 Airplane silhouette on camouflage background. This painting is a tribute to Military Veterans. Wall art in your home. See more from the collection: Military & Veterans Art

---

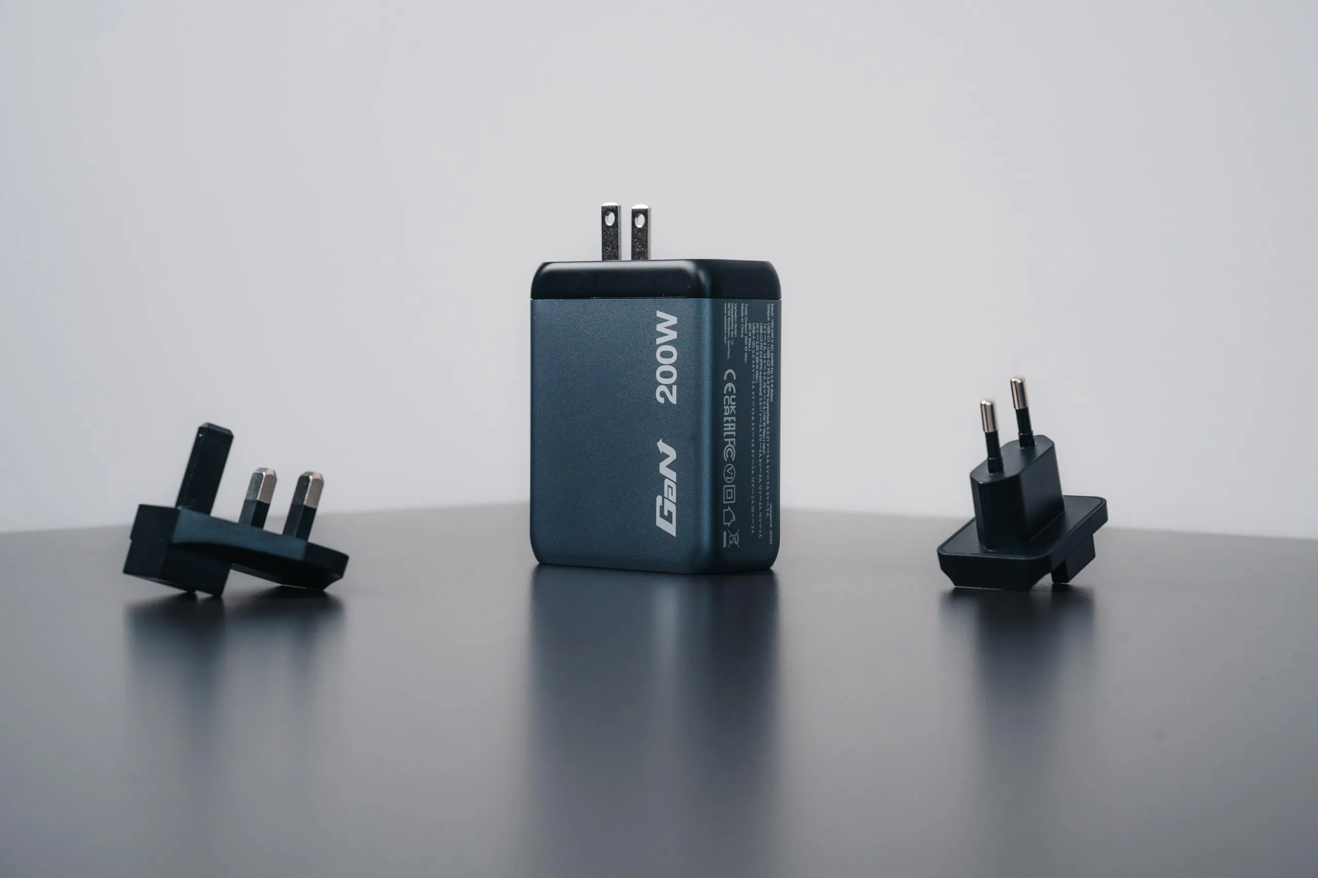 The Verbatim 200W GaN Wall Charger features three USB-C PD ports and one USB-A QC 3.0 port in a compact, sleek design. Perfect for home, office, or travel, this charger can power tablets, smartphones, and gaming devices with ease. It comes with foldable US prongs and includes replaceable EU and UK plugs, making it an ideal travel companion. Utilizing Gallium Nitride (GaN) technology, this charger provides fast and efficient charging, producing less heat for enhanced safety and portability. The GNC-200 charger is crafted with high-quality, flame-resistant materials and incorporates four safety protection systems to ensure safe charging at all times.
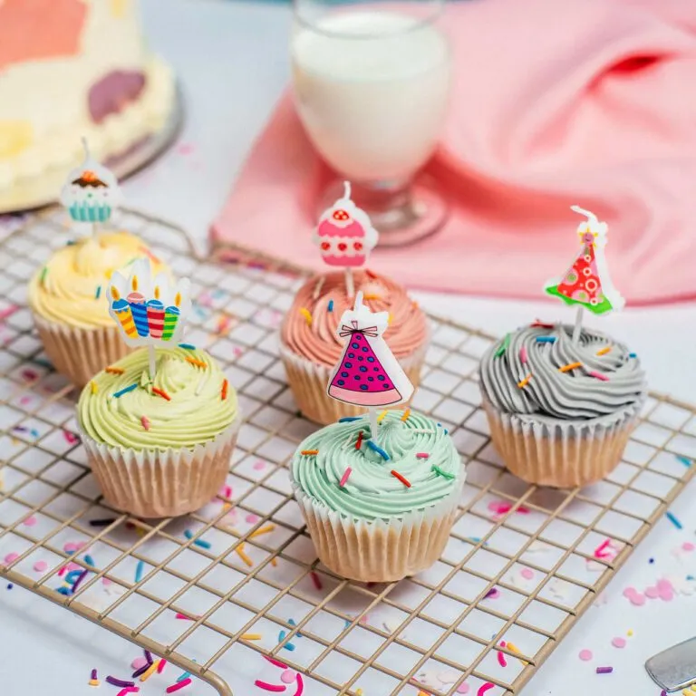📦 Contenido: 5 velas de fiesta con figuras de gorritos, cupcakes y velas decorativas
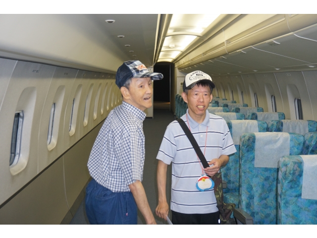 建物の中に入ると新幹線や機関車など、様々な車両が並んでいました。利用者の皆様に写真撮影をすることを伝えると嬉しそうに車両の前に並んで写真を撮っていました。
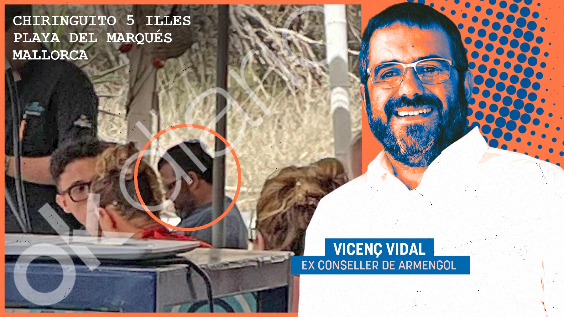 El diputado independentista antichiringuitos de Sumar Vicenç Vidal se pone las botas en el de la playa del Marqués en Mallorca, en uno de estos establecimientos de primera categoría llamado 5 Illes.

INSTRUCTIONS TO FOLLOW =
What's needed is an exact copy of the records above from the line containing "The Verbatim 200W" down to the line containing "El diputado independentista", both included, without any pictures.

ANSWER TO THE PROBLEM =
 The Verbatim 200W GaN Wall Charger features three USB-C PD ports and one USB-A QC 3.0 port in a compact, sleek design. Perfect for home, office, or travel, this charger can power tablets, smartphones, and gaming devices with ease. It comes with foldable US prongs and includes replaceable EU and UK plugs, making it an ideal travel companion. Utilizing Gallium Nitride (GaN) technology, this charger provides fast and efficient charging, producing less heat for enhanced safety and portability. The GNC-200 charger is crafted with high-quality, flame-resistant materials and incorporates four safety protection systems to ensure safe charging at all times.
📦 Contenido: 5 velas de fiesta con figuras de gorritos, cupcakes y velas decorativas
 建物の中に入ると新幹線や機関車など、様々な車両が並んでいました。利用者の皆様に写真撮影をすることを伝えると嬉しそうに車両の前に並んで写真を撮っていました。
 El diputado independentista antichiringuitos de Sumar Vicenç Vidal se pone las botas en el de la playa del Marqués en Mallorca, en uno de estos establecimientos de primera categoría llamado 5 Illes.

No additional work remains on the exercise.